The bestselling history of the resistance in Iraq that vitalized the antiwar movement.

The assault and capture of Iraq — and the resistance it has provoked — will shape the politics of the twenty-first century. In this passionate and provocative book, Tariq Ali provides a history of Iraqi resistance against empires old and new, and argues against the view that sees imperialist occupation as the only viable solution to bring about regime-change in corrupt and dictatorial states. Like the author’s previous work, The Clash of Fundamentalisms, this book presents a magnificent cultural history.

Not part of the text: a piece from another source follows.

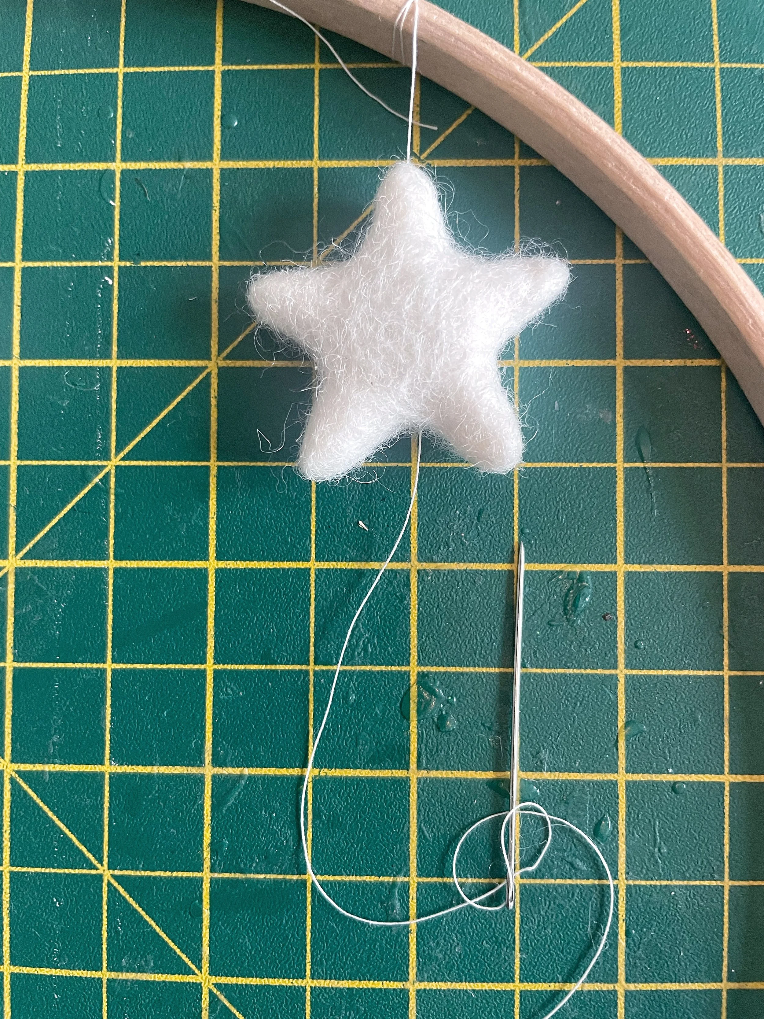 To keep it in place, use your needle to make a small knot at the base of the star (you can see how this looks in the images below). This will stop it from slipping down the thread.

Detailing the longstanding imperial ambitions of key figures in the Bush administration and how war profiteers close to Bush are cashing in, Bush in Babylon is unique in moving beyond the corporate looting by the US military government to offer the reader an expert and in-depth analysis of the extent of resistance to the US occupation in Iraq.

On 15 February 2003, eight million people marched on the streets of five continents against a war that had not yet begun. A historically unprecedented number of people rejected official justifications for war that the secular Ba'ath Party of Iraq was connected to al-Qaeda or that “weapons of mass destruction” existed in the region, outside of Israel.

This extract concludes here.